## What is needed
Exact copy, pictures excluded: please retype the lines from the start of the material through the line containing "Stravagante completino intimo", both ends included, and nothing more.

——————

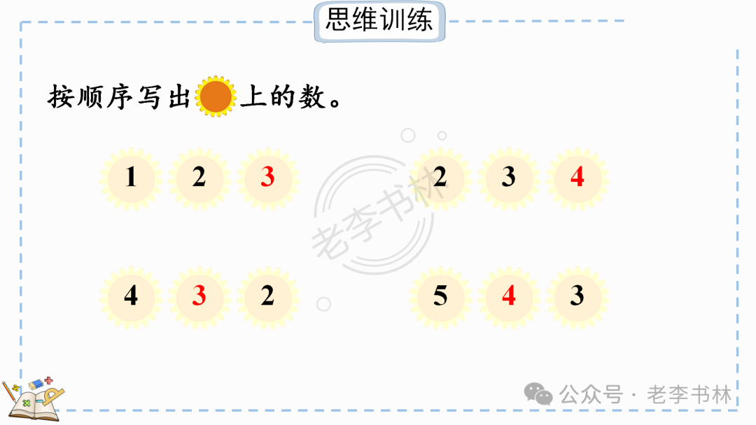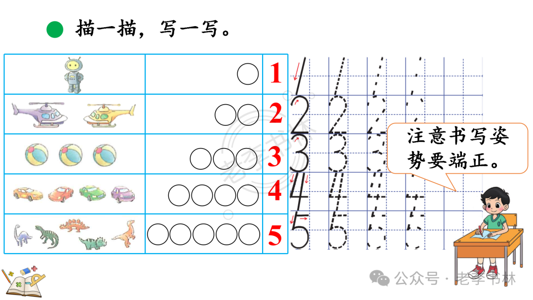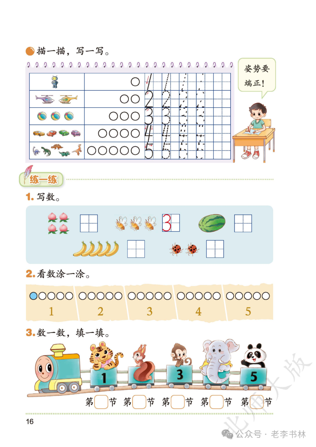 到第7页,看谁的拿书姿势最准确。我们看书的下半部。刚才我们已经数过了这些数,咱们来看这些数怎么写? 师:这个是竖1的写法对吗?
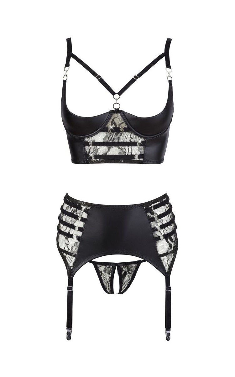 Stravagante completino intimo aperto in morbido tessuto elasticizzato simil latex e bellissimo pizzo ricamato. Set 3 pezzi include reggiseno, reggicalze e perizoma.
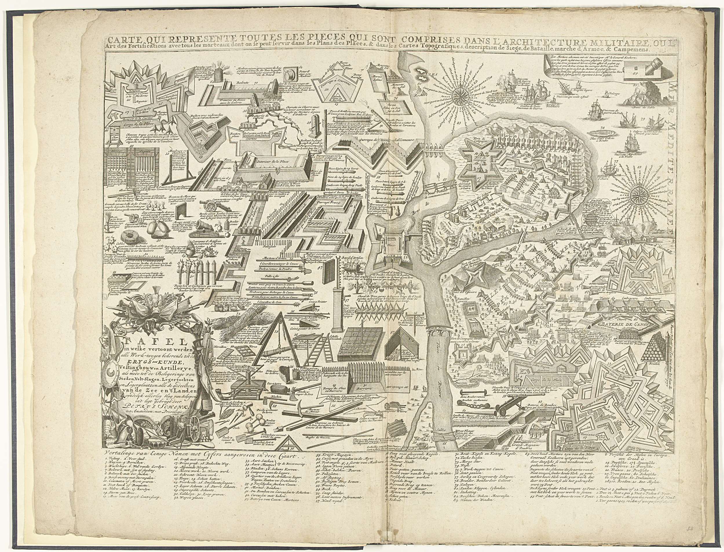 Blad met een overzicht van allerlei soorten werktuigen en wapens gebruikt in de vestingbouw, diagrammen en doorsneden van vestingen, typen legerkampen, soorten schepen etc, 1703. Opschriften in de voorstelling in het Frans, onderaan de legenda 1-84 in het Nederlands. Plaat 1 in het prentwerk met de gebundelde reeks van 33 platen met voorstellingen (het merendeel ...
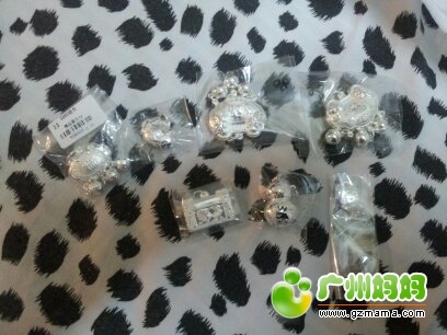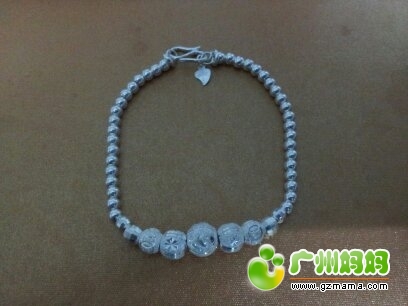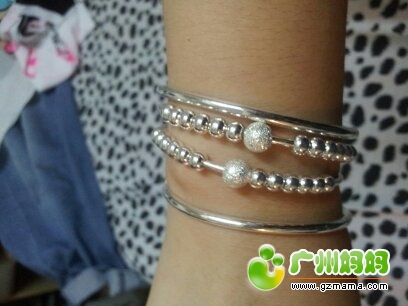 大热的正生银,一对光身可调的港币430,每个重19.6g;有走珠的一对港币220,每个重11.8g,,,哈哈,现在全部戴在我右手腕上。很漂亮哟。
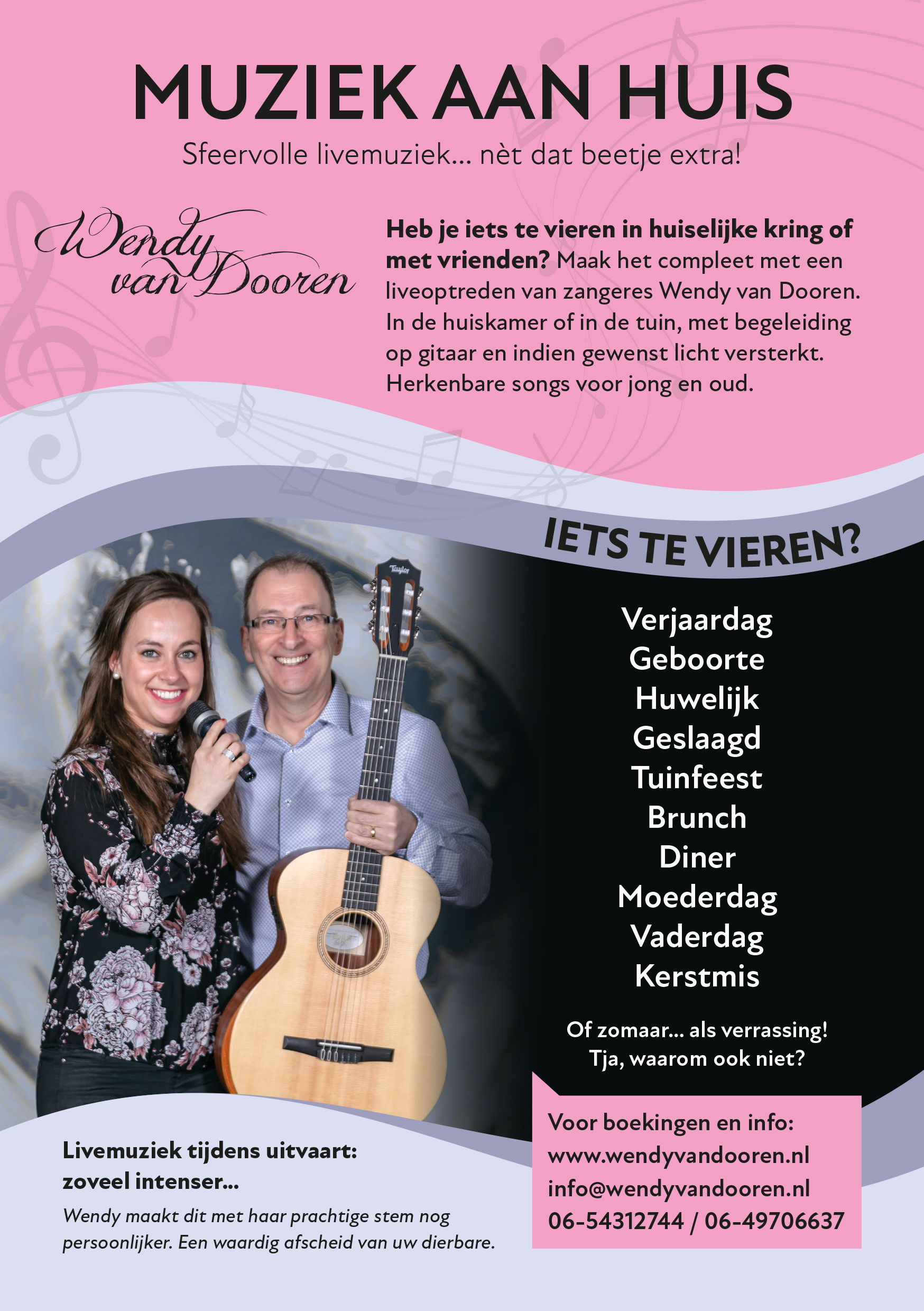 In plaats van muziek op locatie brengt Wendy deze live naar je toe: MUZIEK AAN HUIS. In de huiskamer of in de tuin wordt jouw speciale dag, feestje of verrassing een bijzonder en onvergetelijk moment. Want sfeervolle livemuziek… dat is nèt dat beetje extra!
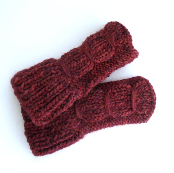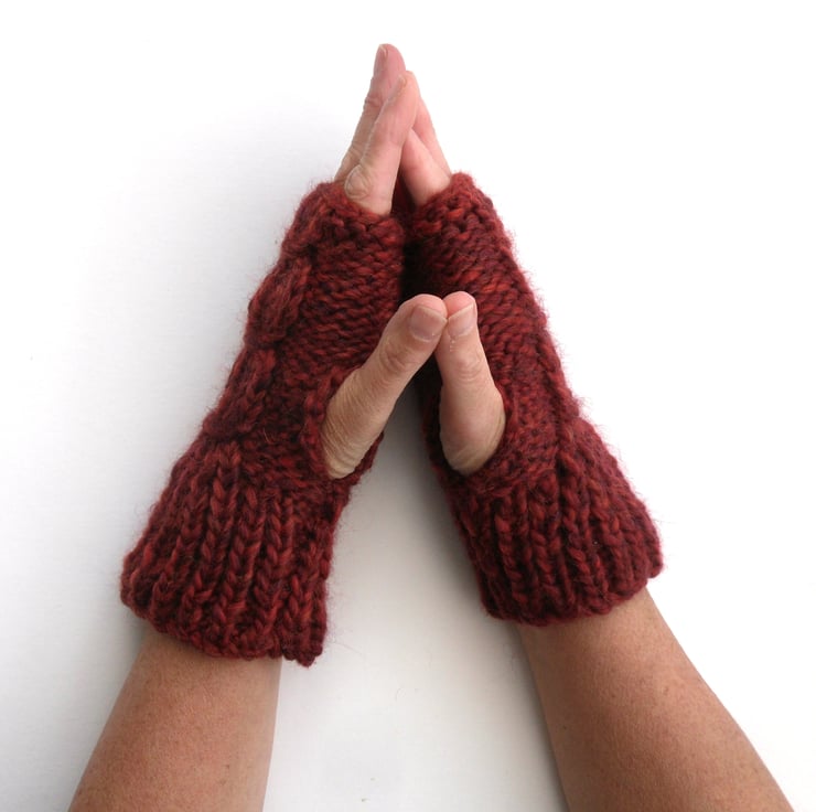 Maroon chunky hand knitted fingerless gloves. Plain knitted ribed cuff with a centre feature mock cable pattern running the centre of each glove. Hand knitted in a 100% wool yarn. Great warming gloves!
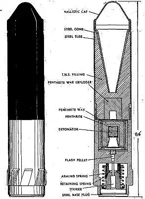 The Gewehr-Panzergranate was launched from a Gewehrgranatengerät or Schiessbecher ("shooting cup") on a standard service rifle by a blank cartridge. The primary components were a nose cap, internal steel cone, steel upper body, aluminum lower body, rifled driving band, TNT filling, and a PETN base fuze.[1]

——————

## Response area
 到第7页,看谁的拿书姿势最准确。我们看书的下半部。刚才我们已经数过了这些数,咱们来看这些数怎么写? 师:这个是竖1的写法对吗?
 Stravagante completino intimo aperto in morbido tessuto elasticizzato simil latex e bellissimo pizzo ricamato. Set 3 pezzi include reggiseno, reggicalze e perizoma.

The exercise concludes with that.